DIRECTIONS -
Please give back, exactly as written, the lines from the line with "Como especialista técnico" to the line with "A man in sunglasses" in the listing below, leaving out all pictures.

PROVIDED DATA -
────

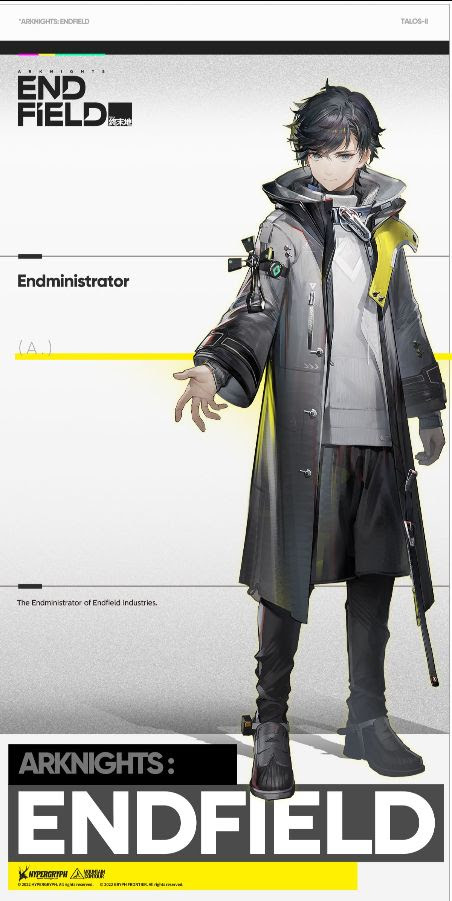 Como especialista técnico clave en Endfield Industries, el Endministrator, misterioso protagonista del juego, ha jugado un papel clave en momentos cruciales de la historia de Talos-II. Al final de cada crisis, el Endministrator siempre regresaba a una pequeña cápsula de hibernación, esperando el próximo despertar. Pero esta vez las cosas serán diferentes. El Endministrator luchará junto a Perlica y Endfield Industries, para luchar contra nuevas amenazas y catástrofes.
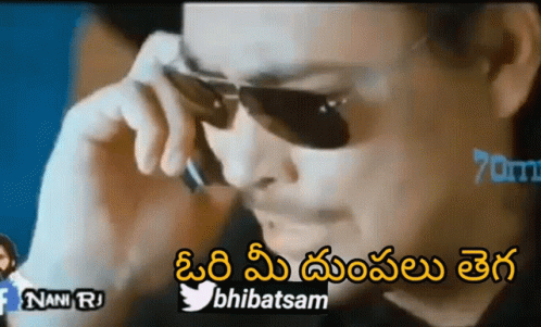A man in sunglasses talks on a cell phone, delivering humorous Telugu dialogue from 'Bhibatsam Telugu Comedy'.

────

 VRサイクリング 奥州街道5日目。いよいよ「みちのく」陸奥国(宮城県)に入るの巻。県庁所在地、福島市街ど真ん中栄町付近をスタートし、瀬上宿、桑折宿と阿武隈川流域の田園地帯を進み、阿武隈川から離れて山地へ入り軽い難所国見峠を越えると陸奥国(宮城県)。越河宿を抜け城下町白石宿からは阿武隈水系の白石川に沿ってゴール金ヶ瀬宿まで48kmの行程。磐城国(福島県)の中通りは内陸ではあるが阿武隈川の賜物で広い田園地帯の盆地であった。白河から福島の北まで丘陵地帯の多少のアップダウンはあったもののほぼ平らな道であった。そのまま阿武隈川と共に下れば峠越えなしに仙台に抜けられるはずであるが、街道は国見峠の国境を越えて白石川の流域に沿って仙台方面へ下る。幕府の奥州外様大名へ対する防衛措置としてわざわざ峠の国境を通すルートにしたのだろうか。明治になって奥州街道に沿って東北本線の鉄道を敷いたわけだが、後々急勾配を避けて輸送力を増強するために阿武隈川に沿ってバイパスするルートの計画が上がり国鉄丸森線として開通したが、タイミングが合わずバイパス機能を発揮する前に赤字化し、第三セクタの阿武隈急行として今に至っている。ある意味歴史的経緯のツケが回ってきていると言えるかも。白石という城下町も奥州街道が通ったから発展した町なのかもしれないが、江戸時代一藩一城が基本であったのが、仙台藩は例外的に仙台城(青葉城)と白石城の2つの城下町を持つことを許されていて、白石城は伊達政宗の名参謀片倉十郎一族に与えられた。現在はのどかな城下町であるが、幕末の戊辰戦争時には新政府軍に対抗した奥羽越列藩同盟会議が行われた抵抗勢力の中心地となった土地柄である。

────

WRITTEN ANSWER -
 Como especialista técnico clave en Endfield Industries, el Endministrator, misterioso protagonista del juego, ha jugado un papel clave en momentos cruciales de la historia de Talos-II. Al final de cada crisis, el Endministrator siempre regresaba a una pequeña cápsula de hibernación, esperando el próximo despertar. Pero esta vez las cosas serán diferentes. El Endministrator luchará junto a Perlica y Endfield Industries, para luchar contra nuevas amenazas y catástrofes.
A man in sunglasses talks on a cell phone, delivering humorous Telugu dialogue from 'Bhibatsam Telugu Comedy'.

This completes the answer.